### THE INPUT

----

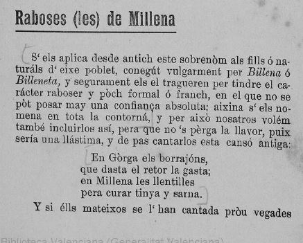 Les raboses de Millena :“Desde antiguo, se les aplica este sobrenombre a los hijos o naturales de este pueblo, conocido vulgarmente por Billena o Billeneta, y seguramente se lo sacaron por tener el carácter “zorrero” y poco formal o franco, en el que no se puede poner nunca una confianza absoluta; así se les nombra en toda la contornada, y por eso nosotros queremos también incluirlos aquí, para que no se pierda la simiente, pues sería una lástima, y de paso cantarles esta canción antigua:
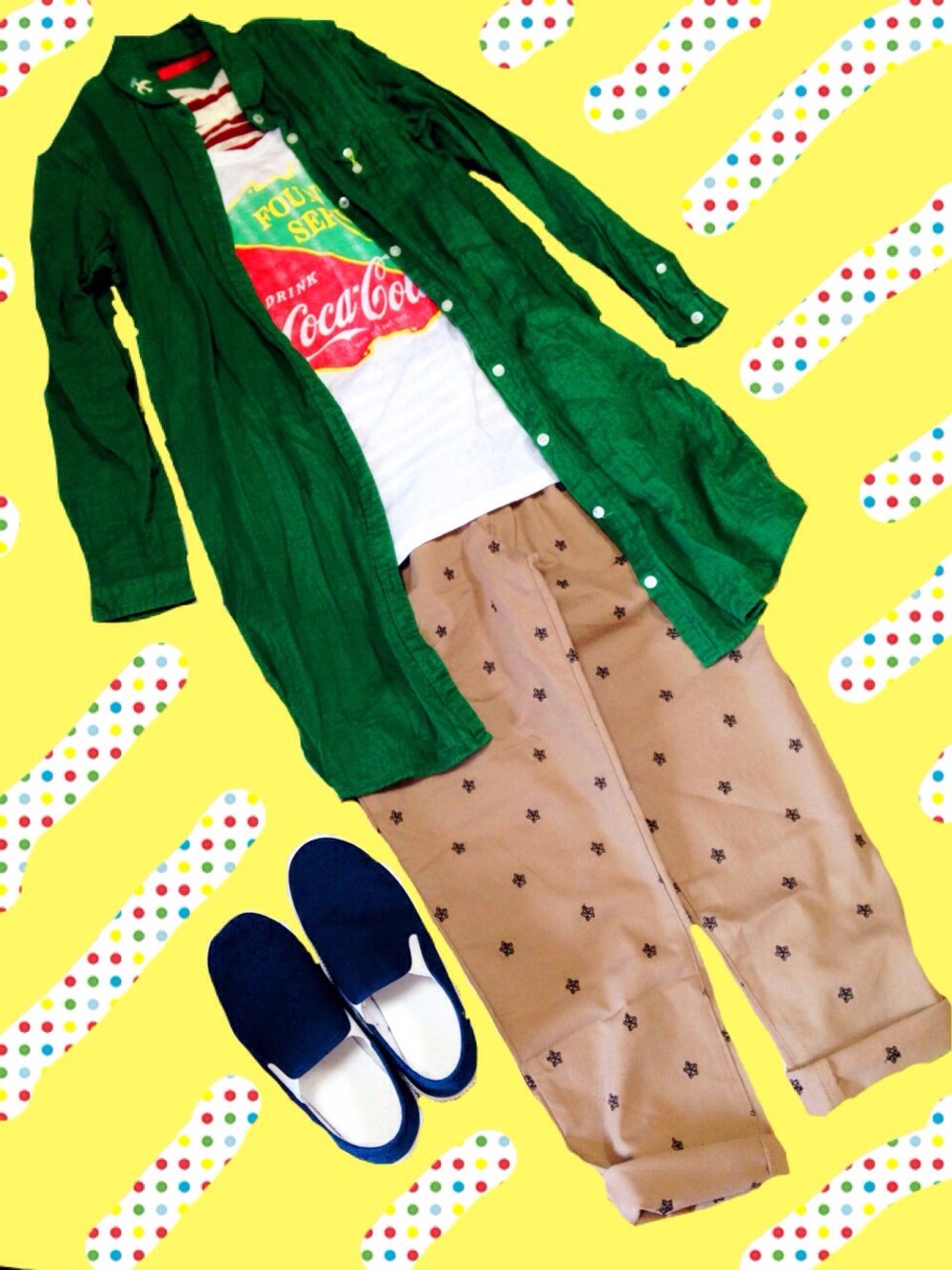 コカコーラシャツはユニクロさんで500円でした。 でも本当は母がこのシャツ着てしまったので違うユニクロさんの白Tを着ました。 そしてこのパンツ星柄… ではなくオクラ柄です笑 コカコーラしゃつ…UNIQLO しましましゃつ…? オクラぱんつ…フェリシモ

----

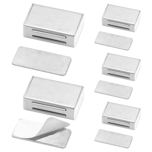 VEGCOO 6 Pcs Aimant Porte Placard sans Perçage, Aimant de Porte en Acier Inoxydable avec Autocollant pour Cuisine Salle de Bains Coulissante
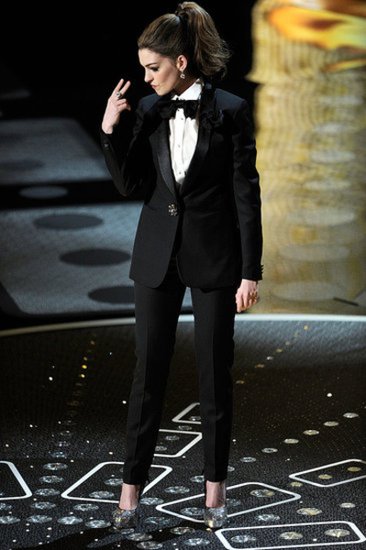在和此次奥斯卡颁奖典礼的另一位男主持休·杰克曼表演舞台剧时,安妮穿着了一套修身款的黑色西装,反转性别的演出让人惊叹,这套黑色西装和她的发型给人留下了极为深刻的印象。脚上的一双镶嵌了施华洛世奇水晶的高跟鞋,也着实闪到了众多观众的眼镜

----

In the material above, the stretch from the line with "Les raboses de" through the line with "コカコーラしゃつ…UNIQLO しましましゃつ…? オクラぱんつ…フェリシモ" is to be given again exactly, minus the pictures.

 Les raboses de Millena :“Desde antiguo, se les aplica este sobrenombre a los hijos o naturales de este pueblo, conocido vulgarmente por Billena o Billeneta, y seguramente se lo sacaron por tener el carácter “zorrero” y poco formal o franco, en el que no se puede poner nunca una confianza absoluta; así se les nombra en toda la contornada, y por eso nosotros queremos también incluirlos aquí, para que no se pierda la simiente, pues sería una lástima, y de paso cantarles esta canción antigua:
 コカコーラシャツはユニクロさんで500円でした。 でも本当は母がこのシャツ着てしまったので違うユニクロさんの白Tを着ました。 そしてこのパンツ星柄… ではなくオクラ柄です笑 コカコーラしゃつ…UNIQLO しましましゃつ…? オクラぱんつ…フェリシモ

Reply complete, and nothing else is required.